A P, any eight characters, then the king. Match means check.

This works in the middle of the board. It breaks at the edges. Because we've concatenated everything into one string with no notion of rows or columns, a "diagonal" threat from a pawn on the opposite edge of the previous row still matches. The regex doesn't know the board wraps. As far as it's concerned, character 7 of row 1 is right next to character 0 of row 2.

The padding trick

Insert artificial padding between rows. If every row is followed by some non-board characters — call them # — then a pawn trying to threaten the king from the wrong side of the board gets a # in the way and the regex fails to match.

You only need padding on one side of each row. When the rows concatenate, the padding from the right of row N sits directly adjacent to where the left of row N+1 would be. Same #s double as both right-edge and left-edge guard.

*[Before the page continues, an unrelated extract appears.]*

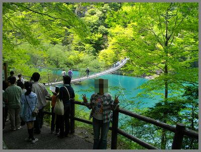 着きました〜「夢の吊橋」に。橋の入り口でちと渋滞・・・。

Seven characters is enough. Not eight, because a diagonal threat that would have wrapped exactly eight characters misses the corner anyway — the wrap point doesn't land on a real square. Seven holds.

Mirror the board to halve the work

Two pawn-check positions means two patterns. Annoying.

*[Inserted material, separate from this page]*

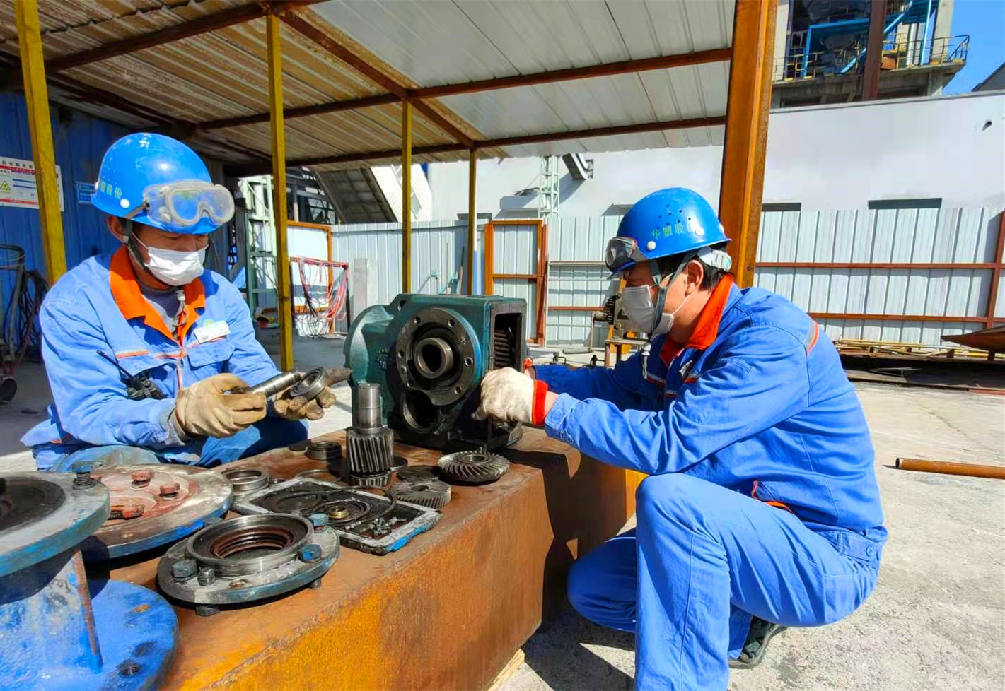2月20日,水泥分公司烧成车间机修班长闫少会与检修工李强在固定搅拌器减速机。

So mirror the board. Each row becomes: row + padding + row-reversed. Now every "left" threat in the original appears as a "right" threat in the mirror, and the regex only needs to match one direction. The other direction is the mirror's problem.

This is the move that makes everything else collapse. Every piece's threat pattern now only needs checking in one direction.

With the mirror in place, the pawn check becomes a single fixed-offset pattern. The pawn sits 30 characters before the king:

P.{30}k

One regex, both pawn threat squares, edge cases handled.

Bishops and queens: optional repetition

A bishop on the king's diagonal could be one square away, two, or all the way across the board. In flat-string terms, that's the pawn pattern with the offset block optionally repeating:

(.{30}[ ]?)+[BQ]

Wrap the offset chunk in a group, repeat one or more times, and the regex matches a bishop or queen anywhere along the diagonal — provided the squares between are spaces, not blocked. Same trick for both pieces because along a diagonal they're functionally identical.

The mirror handles one diagonal axis. Diagonals also run upward from the king, so you need a second variant with the king first and the piece after.

Rooks, queens, knights

Rooks and queens along a rank are trivial: [RQ] followed by any number of spaces followed by k. Mirror handles left/right.

Vertically, the same trick as diagonals but without the diagonal offset — fixed step of 29 characters per square, wrapped in an optional repetition group.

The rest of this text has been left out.